The gears turned slowly, eventually clicking into place. “You think he committed suicide because of Heather and Darcy—because he killed them. And Dennis knew.”
“It was years after the murders. Not likely anyone would have connected the dots back to Heather and Darcy. But now I think it bears looking at. It would explain Dennis getting rid of the note. He was always Hollis’s protector. Maybe that didn’t end when Hollis died. Maybe he wanted to make sure no one would ever ask the kinds of questions we’re asking now. Then you show up and start digging.”
Lizzy sat with that last part. The note. The fire. The silhouette in the kitchen. “Helen was trying to warn me. She knew Dennis was behind everything that was going on.”
“It’s just a theory, but it fits.”
“So what do we do?”
“We don’t do anything,” Roger told her pointedly. “If we’re right, and there’s a good chance we are, Dennis Hanley is a dangerous man. Summers can’t bury it this time. Where’s Andrew?”
“In Boston. On a job.”
“You might want to give him a call. Let him know what’s happening. I’ve got a few calls of my own to make. Stay near your phone.”

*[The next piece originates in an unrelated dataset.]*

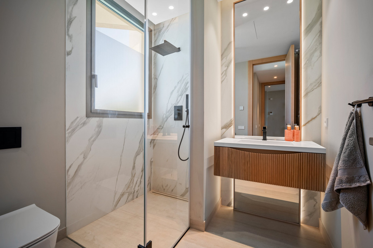 Conçue pour estomper la frontière entre intérieur et extérieur, la résidence dispose d'une vaste terrasse couverte, idéale pour les repas et les réceptions en famille ou entre amis. Le solarium sur le toit, aménagé sur mesure, est doté d'une piscine privée et offre une vue panoramique imprenable sur la mer Méditerranée, Gibraltar, l'Afrique et l'emblématique montagne de La Concha à Marbella.

Lizzy put down her cell and splayed both hands on the workbench. Andrew had enough on his plate in Boston. She’d call him tonight, after she heard back from Roger. In the meantime, she’d get some work done, and try to wrap her head around the possibility that Heather and Darcy Gilman’s killer might actually be brought to light, if not to justice, that at long last Althea’s name might be cleared.